Hard Road (The Untouchables MC 4)
The good stuff.
I didn’t think my life expectancy was all that good. I had money, and I spent it. I might as well enjoy the time I had left, right?
So no cheap booze and no cheap women. Those were the rules. Everything else was up for grabs.
I didn’t have time and it wasn’t worth it. I ate well, too. Every damn time I got on my ride, I was prepared to meet my maker. Never thought twice about it. I only ever had one regret in this life, and that was not protecting my baby brother. I should never have let him move so far away from me. I should have been there, watching over him.
I hadn’t been able to save him.
But I would avenge him, dammit.
The biker on the ground was rubbing his head. He looked around stupidly as he stood up and took a swing at the closest guy. I took another swig of tequila. I knew what was about to happen.
And I couldn’t fucking wait.
All hell broke lose. I grinned as bodies started flying. People were punching each other, not caring who they were hitting. I took another shot and jumped into the fray. I took a hit to my kidneys and swung around, throwing my fists in every direction. I grabbed a guy by the throat and threw him to the ground. Then I took another shot.
I stared at the bottle. It was half full. I took another swig and then went down as three guys stumbled over my way, kicking and choking each other.
Twenty minutes later, I was sitting gingerly on a chair with three legs. I still had the bottle somehow. I took another pull of sweet, numbing tequila. The room was full of moaning, stumbling men. I hoped someone had called Doc. Most of these guys wouldn’t bother to go to the ER, even if their arm was hanging by a thread.
Thankfully, we had our own MD. Covered in tats and leather, Doc didn’t look like most doctors. But he was damned good at his job. He’d served in the military and had combat experience along with a license to practice. So even though he didn’t have a traditional practice, he was more than qualified to perform surgery. He could stitch you up even if he was three sheets to the wind, with bullets flying around you, in the back of a jeep flying full-speed down a bumpy road.
Doc was pretty much a badass.
I wasn’t going to wait around for him. I made a quick call and went outside to wait and smoke a stogie. Two shitfaced bikers opened the gate when the taxi showed.
I crawled into the cab. In the old days, I would have taken my ride, but I figured the kid didn’t need me to die tonight. I was conked out cold by the time we pulled up to my little shack in the woods.
The driver had to wake my ass up.
I tipped well and stumbled up the steps to the house.
Chapter Eight
Parker
I woke up with a snap, my survival instincts going haywire. I froze for a moment, holding perfectly still. I didn’t even breathe.
Something was wrong. Someone was in the house.

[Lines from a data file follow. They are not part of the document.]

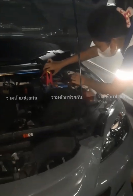 ประชาชนรถสตาร์ทไม่ติด แจ้งอาสาร่วมด้วยเข้าช่วยเหลือพ่วงแบตเตอรี่ให้สำเร็จ สามารถเดินทางต่อไปได้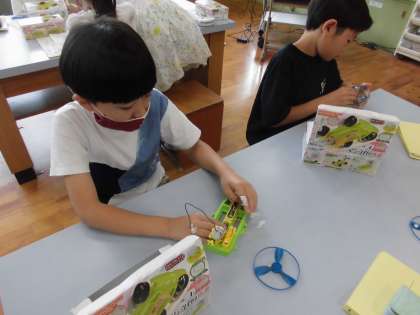 モーターを速く回したり,豆電球を明るくするためにはどうすればよいのか。ということを調べました。「電池を増やせばいいと思う!」という意見が子どもたちから出ました。色々なつなぎ方を班で考えてから,実験をしました。2個に増やすだけではなく,つなぎ方も関係していることが分かったようです。回路を作るのに苦労する場面もありましたが,班で協力してがんばっていました。直列つなぎ,へい列つなぎという名前を聞くと,なんだか嬉しそうな4年生たちでした。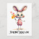An adorable cartoon rabbit dressed in pink floral outfit holds flowers and says sending you love

A loud crash and a curse from the kitchen made my eyes widen. The voice sounded familiar. Not threatening. Just aggravated.
Was that . . . Shane?
He sounded weird. Drunk, I thought. Another crash and a muffled curse. Actually, he sounded extra wasted.
I heard a groan and threw my covers off, running to see what was wrong. I never in a million years expected to see him lying on the kitchen table with a bag of peas over his entire face. His jacket was open, and his shirt was ripped, revealing a smooth expanse of skin across his chest, dark with tattoos and what looked like the beginning of bruises.
An almost empty bottle of tequila dangled from one hand.
“Are you okay?”
He mumbled something, so I tiptoed over and lifted the bag of frozen peas to look at him. I gasped. His face was already turning black and blue, but worse, it was covered in blood. His nose looked like it might be broken.
“What did you say?”
“I said, ‘You should see the other guys.’” He grinned at me. “All three hundred of them.”
“Three hundred?”
“Are you impressed?”
“Who did this to you?”
“Whole club got into a brawl. Good times.”
“This is good?”
He grinned at me.
“Gotta teach you how to fight. Pretty kid like you is gonna need to defend yourself.”
I couldn’t help it. I felt my insides turn over when he called me pretty. I was weirdly pleased that he thought I was easy on the eyes. There was nothing flirtatious about it, though. I was convinced he still thought I was a boy. I hadn’t taken my baseball cap off. My shoulder-length hair was the last thing I had from my old life. I had come close to chopping it a hundred times, but I couldn’t.